I often look back . . . when energy wanes and rhythms seem lost. . . to remind myself of this, that it all matters. All these little daily ministrations. I wonder how many of us have felt “the sense of loss and the aloneness . . . sealed up in his bee cell from all the others in the world” these last two years. I thought we were fine while in the middle of them, had a sense of buoyancy that it would soon be over, returning to normal. But I feel, now, the effect of those lost rhythms and rituals and relationships. I notice that I’ve traded reaching out with gentle touch for fearful watchfulness. Is he well? Am I? My long walks for too much sitting. Joining the congregation for church in pajamas. For after all, when it was first okay to return it was suggested that we older folks stay home, so they could gather without worrying about us. It was subtler than that, but we got the message. Blame for taking responsibility. A lie whispers, “Surely, the world is too dangerous a place. You’re nearly done, why bother. You’re not safe. You don’t matter.” I know better.

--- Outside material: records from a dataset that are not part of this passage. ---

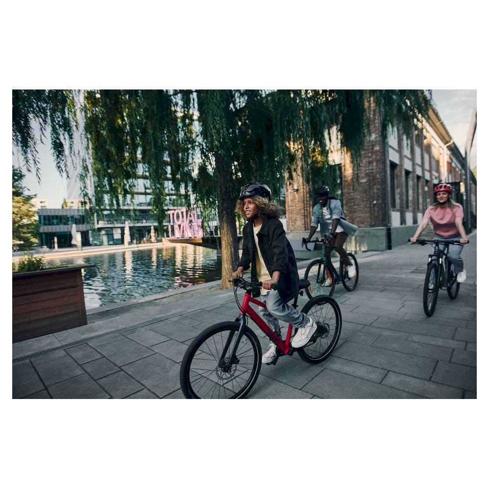 woom EXPLORE er laget for å sykle, utforske og gjenta – med et unikt design for unge syklister. Den rene rammen har svarte komponenter, svarte felger og matte farger, perfekt for aktive barn som vil finne sin stil på sykkel.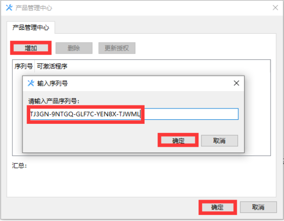7、点击【增加】,输入序列号:TJ3GN-9NTGQ-GLF7C-YEN8X-TJWML,点击【确定】。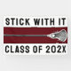 Banderole de remise de diplômes de l'équipe de crosse créative avec bâton de laxisme et citation de motivation sur arrière - plan marron. Modifier le texte pour ajouter une année.

As the deer pants for the water brooks,
So pants my soul for You, O God.
My soul thirsts for God, for the living God.
When shall I come and appear before God?
My tears have been my food day and night,
While they continually say to me,
“Where is your God?”
When I remember these things,
I pour out my soul within me.
For I used to go with the multitude
. . . to the house of God,
With the voice of joy and praise,
With a multitude that kept a pilgrim feast.
Psalm 42:1-4 NKJ

“ . . . I was always at the head of the worshipping crowd . . . leading them all, eager to arrive and worship . . . shouting praises and thanksgiving . . .” –MSG 

I miss the open faces and the instruments rising, the surge of voices joining mine. I miss the pull of a passage as I take quick notes during the message, signposts for me to come back to in the coming week. I miss coffee afterwards in the little Styrofoam cup, Bible tucked under my elbow, donut hole bite nestled in a napkin in the other. Connection. It is part of the fabric of our lives. It is time to mend the tear.

It’s warm inside when I take the granola out of the oven. There’s a fire in the stove for the first time in a few days. His gentle touch. I hang my vest on the chair, light the candle in the windowsill, and gather the vegetables for a sir-fry. My guy is counting on me. Counting on the smell of supper cooking to affirm that all is well. And yes, that matters.


			

8 thoughts on “Porch sitting in the rain

  1. So beautifully written. I thought we were okay, too, except we’re worn—thin and fragile in some places and thick and calloused with wear in others. It’s a new revelation and I feel powerless to do much to change it. Beauty—outdoors and in words like these—will surely help. And time to keep doing the little things of life because they matter, as you said. What a good reminder. There’s been a loss of hope, even among the saints, it seems, and it may well be in continuing to be faithful in these small things that hope is buoyed once again.

    Thanks for these thoughtful, beautiful words.

    Happy trails~

    Natalie

    Liked by 1 person

  2. Such beautifully written thoughts and words! I can almost smell the warm granola and see the candle glowing from the window! So relatable when you said, “I’m always surprised to remember that I am an old lady.” 😊 Please keep posting your beautiful writings!